This repository accompanies the manuscript "Shared functional specialization in transformer-based language models and the human brain". In this manuscript we use the internal computations of a transformer model (BERT) to predict fMRI activity while subjects listen to naturalistic spoken narratives.
Kumar, S.*, Sumers, T. R.*, Yamakoshi, T., Goldstein, A., Hasson, U., Norman, K. A., Griffiths, T. L., Hawkins, R. D., & Nastase, S. A. (2024). Shared functional specialization in transformer-based language models and the human brain. Nature Communications (accepted). https://doi.org/10.1101/2022.06.08.495348
The following list describes the various analysis scripts:
narratives-transcript-processing.ipynb
: Used to pre-process transcripts from the Narratives
dataset. Outputs (1) phonemes and associated nuisance variables for regression analyses; (2) TR-aligned tokens for use with Transformer notebooks.
transformer-representations.ipynb
: the primary notebook used to generate Transformer representations (embeddings, transformations) for regression analyses.
transformer-transformation-magnitudes.ipynb
: small script used to produce transformation magnitudes from the transformations themselves.
transformer-utils.py
: functionality for extracting various Transformer representations, including some experimental metrics that were used in the paper.
extract_linguistic_features.py
: Extract linguistic features (parts-of-speech and dependency tags) using spaCy.
decode_linguistic_features.py
: Run the decoding analysis, where we decode linguistic features from the headwise transformation representations.
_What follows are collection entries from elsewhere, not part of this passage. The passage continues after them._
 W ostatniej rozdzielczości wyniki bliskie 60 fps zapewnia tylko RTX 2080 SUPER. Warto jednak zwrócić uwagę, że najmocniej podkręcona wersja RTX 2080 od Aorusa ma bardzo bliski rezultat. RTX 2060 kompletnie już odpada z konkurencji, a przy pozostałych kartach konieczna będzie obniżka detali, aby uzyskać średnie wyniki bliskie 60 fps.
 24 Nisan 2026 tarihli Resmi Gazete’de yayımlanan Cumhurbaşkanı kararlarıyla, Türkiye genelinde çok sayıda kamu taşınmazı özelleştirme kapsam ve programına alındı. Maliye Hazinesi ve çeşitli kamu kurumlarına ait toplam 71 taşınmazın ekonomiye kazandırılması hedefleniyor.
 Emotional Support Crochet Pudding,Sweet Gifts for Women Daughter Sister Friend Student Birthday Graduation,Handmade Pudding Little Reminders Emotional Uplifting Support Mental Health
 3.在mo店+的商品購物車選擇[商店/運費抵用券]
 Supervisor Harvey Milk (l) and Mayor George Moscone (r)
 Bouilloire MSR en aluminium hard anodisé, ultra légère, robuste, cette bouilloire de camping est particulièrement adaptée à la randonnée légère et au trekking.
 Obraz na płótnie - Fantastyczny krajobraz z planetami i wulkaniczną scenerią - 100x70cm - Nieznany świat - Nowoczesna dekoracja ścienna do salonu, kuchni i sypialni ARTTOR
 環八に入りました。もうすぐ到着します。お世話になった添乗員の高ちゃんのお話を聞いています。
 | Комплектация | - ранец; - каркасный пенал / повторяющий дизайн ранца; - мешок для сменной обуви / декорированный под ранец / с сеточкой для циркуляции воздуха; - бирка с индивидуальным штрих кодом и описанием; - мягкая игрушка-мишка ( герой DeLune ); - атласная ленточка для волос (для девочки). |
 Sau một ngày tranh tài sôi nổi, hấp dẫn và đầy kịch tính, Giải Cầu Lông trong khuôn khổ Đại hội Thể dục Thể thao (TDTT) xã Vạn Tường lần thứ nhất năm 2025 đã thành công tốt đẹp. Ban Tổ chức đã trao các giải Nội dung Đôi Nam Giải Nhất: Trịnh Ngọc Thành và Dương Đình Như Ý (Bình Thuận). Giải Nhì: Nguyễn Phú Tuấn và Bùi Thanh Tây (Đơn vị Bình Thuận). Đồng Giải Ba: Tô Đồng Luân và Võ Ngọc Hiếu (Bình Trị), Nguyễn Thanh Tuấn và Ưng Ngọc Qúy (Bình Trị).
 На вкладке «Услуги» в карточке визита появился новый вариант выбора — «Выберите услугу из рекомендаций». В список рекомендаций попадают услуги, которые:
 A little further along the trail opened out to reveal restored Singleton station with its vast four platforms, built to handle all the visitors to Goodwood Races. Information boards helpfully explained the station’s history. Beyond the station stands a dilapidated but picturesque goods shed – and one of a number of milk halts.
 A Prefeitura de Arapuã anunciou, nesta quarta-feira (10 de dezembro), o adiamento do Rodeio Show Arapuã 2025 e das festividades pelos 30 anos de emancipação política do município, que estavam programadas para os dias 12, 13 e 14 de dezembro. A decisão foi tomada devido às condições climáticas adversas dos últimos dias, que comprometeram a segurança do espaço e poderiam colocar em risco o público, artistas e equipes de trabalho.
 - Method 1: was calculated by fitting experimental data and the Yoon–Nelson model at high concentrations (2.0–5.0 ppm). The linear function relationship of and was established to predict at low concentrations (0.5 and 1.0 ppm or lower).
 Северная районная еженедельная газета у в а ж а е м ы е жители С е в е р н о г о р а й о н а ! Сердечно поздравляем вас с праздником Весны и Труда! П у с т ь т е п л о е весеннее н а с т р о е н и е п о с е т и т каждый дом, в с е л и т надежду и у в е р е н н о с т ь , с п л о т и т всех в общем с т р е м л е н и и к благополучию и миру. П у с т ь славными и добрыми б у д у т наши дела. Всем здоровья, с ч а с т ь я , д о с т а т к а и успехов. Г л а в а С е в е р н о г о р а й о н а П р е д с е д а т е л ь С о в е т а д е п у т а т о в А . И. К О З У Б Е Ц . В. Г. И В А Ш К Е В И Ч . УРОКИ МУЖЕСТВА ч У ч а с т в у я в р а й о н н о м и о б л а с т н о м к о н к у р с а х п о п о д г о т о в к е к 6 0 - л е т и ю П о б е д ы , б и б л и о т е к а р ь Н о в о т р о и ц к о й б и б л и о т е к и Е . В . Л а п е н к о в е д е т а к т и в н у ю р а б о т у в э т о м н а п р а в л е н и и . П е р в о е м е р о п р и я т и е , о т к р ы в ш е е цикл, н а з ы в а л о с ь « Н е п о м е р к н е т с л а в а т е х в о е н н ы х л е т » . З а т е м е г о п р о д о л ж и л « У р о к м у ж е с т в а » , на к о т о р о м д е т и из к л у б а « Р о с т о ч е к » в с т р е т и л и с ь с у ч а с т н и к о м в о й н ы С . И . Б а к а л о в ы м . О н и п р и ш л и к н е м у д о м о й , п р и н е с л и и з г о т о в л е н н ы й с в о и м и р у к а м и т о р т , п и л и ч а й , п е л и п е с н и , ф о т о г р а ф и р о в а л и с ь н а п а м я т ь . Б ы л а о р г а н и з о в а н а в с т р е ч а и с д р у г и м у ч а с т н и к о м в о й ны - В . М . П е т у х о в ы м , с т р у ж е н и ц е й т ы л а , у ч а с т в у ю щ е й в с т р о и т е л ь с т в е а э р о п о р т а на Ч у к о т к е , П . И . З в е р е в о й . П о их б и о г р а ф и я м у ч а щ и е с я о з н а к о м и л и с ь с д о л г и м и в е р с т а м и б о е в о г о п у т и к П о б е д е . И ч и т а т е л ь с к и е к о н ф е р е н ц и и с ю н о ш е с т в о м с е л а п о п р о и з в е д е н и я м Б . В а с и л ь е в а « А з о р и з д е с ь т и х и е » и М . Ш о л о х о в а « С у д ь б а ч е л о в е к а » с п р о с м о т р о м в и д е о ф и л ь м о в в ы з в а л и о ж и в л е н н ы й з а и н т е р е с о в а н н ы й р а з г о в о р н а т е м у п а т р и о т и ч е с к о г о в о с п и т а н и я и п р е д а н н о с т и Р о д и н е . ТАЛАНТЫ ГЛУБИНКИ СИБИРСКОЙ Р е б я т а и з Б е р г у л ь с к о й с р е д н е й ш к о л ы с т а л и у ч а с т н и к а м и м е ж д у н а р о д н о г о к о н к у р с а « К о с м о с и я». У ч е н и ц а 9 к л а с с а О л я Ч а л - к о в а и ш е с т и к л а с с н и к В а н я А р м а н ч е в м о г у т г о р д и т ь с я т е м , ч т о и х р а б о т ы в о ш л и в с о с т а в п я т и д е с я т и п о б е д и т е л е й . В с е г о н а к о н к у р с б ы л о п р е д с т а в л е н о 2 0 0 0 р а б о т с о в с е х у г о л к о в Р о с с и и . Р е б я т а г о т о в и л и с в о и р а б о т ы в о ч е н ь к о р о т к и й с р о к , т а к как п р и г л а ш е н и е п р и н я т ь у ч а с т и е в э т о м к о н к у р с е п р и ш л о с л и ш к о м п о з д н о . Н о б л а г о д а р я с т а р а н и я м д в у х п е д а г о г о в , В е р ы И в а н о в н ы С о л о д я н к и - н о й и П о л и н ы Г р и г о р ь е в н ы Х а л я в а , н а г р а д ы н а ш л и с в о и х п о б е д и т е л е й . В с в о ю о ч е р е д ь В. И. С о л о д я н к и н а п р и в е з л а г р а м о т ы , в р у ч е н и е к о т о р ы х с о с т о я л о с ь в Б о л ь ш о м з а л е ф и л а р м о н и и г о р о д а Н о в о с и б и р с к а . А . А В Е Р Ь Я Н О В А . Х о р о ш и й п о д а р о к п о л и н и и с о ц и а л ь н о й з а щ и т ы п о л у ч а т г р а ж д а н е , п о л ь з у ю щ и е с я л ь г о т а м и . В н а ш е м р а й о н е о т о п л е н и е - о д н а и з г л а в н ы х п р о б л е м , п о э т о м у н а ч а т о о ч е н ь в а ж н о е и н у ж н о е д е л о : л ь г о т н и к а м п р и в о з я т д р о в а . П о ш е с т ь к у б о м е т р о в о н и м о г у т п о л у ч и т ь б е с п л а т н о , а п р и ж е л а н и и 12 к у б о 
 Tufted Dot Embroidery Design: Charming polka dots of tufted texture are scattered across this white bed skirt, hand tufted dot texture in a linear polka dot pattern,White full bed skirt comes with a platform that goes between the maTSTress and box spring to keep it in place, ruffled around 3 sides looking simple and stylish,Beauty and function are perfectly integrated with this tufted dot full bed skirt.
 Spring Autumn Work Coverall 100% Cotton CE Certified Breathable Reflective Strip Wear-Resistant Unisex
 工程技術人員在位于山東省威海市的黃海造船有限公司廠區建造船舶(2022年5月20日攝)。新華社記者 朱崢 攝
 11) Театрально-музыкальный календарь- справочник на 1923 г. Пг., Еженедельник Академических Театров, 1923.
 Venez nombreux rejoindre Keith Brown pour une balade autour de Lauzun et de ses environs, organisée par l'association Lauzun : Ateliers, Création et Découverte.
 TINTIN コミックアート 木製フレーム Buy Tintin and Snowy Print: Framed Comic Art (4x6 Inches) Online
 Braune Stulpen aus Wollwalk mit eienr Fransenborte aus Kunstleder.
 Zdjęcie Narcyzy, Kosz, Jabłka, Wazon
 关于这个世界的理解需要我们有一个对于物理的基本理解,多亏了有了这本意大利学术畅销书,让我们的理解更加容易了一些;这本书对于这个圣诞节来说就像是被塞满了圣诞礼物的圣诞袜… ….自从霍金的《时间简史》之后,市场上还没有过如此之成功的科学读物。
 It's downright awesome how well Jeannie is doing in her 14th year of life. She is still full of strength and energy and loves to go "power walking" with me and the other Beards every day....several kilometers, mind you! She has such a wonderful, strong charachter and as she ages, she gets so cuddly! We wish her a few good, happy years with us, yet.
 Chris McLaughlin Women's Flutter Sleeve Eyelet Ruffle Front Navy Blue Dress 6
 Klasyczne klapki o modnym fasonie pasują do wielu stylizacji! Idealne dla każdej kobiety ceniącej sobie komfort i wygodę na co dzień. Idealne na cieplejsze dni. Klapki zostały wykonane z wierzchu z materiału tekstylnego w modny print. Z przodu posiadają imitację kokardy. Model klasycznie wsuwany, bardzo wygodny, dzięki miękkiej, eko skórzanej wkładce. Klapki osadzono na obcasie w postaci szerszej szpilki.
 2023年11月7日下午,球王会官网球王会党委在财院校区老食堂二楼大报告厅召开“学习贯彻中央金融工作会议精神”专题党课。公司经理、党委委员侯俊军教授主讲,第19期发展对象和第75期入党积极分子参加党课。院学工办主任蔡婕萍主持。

All the necessary functions should be in decode_linguistic_features_utils.py.
create_fmri_dataset.py
: Copy data from narratives dataset into lab project folder.
ROIs.ipynb
: Handling ROI labeling and visualizing.
banded_ridge_regression.py
: Run encoding model analyses (banded ridge regression) with a given representation as main features.
calculate_boostrap_pvalue.py
: Calculate bootstrap pvalue (with FDR corrections) for individual parcels to determine significance.
compute_isc.py
: Compute noise ceilings with intersubject correlation.
headwise_banded_ridge_regression.py
: Headwise version of the encoding analyses (banded ridge regression, but knock out weights for all heads but one when evaluating a head).
run_encoding_models_banded.py
: Creates a joblist.txt for banded ridge regression jobs to input as a slurm job array.
run_encoding_models_headwise_banded.py
: Same as above, but for the headwise encoding analyses.
run_isc_jobs.py
: Run multiple subjects' ISC analyses in parallel (slurm jobs).
run_jupyter.sh
: Run a jupyter notebook on the cluster.
run_pvalue_jobs.py
: Run bootstrap p-value analyses in parallel.
run_save_jobs.py
: Run jobs in parallel that will save collapsed performance across subjects.
save_mean_volume.py
: Collapse performance across subjects for a specific representation.
Head_Dep_Brain_Plots.ipynb
: Plots whole brain results for headwise encoding (and dependency encoding).
Layerwise_Plot.ipynb
: Plots performance across layers.
Results_Figures.ipynb
: Notebook to plot most main results in the paper.
View_Encoding_Results.ipynb
: Plots whole-brain glass brain results.
bert_rdms.ipynb
: Compare RDMs for embeddings and transformations (as well as autocorrelation).
layer_preference.ipynb
: Create layer preference and layer specificity histograms.
plot_layer_brain.ipynb
: Process and export layer preferences for visualization on cortical surface.
headwise_specialization.ipynb
: Run PCA on transformation weights and visualization two-dimensional projections.
avg_job.sh
: Slurm job corresponding to save_mean_volumes.py.
boot_job.sh
: Slurm job corresponding to calculate_bootstrap_pvalue.py.
dsq-submit.sh
: Slurm job that submits a job array specified in a .txt file.
joblist.txt
: Job list for submitting slurm job array.
fmri_conda_env.yml
: yml conda env file for fmri analyses.
transformer_conda_env.yml
: yml conda env file for transcript pre-processing and Transformer analysis notebooks.